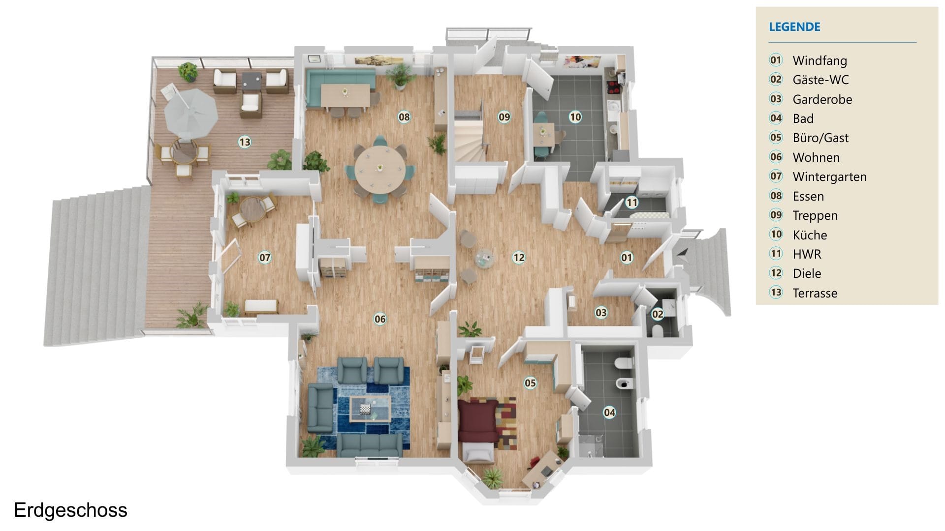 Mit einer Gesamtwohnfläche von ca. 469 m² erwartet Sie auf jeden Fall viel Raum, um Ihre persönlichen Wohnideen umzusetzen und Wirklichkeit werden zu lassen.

--

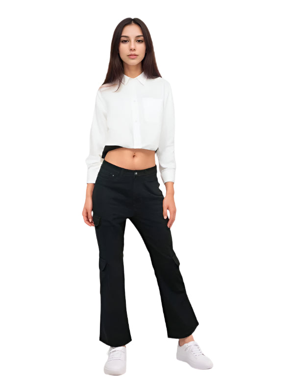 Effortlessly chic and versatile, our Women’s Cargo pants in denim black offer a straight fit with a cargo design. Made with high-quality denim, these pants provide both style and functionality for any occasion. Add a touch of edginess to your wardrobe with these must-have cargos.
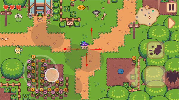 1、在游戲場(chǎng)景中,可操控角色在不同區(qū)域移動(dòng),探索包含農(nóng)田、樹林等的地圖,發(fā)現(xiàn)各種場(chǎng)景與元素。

§ Task prompt:
Reproduce the records above exactly, but only from the line with "Effortlessly chic and" up to and including the line with "1、在游戲場(chǎng)景". Leave the pictures out.

§ Answer to this problem:
 Effortlessly chic and versatile, our Women’s Cargo pants in denim black offer a straight fit with a cargo design. Made with high-quality denim, these pants provide both style and functionality for any occasion. Add a touch of edginess to your wardrobe with these must-have cargos.
 1、在游戲場(chǎng)景中,可操控角色在不同區(qū)域移動(dòng),探索包含農(nóng)田、樹林等的地圖,發(fā)現(xiàn)各種場(chǎng)景與元素。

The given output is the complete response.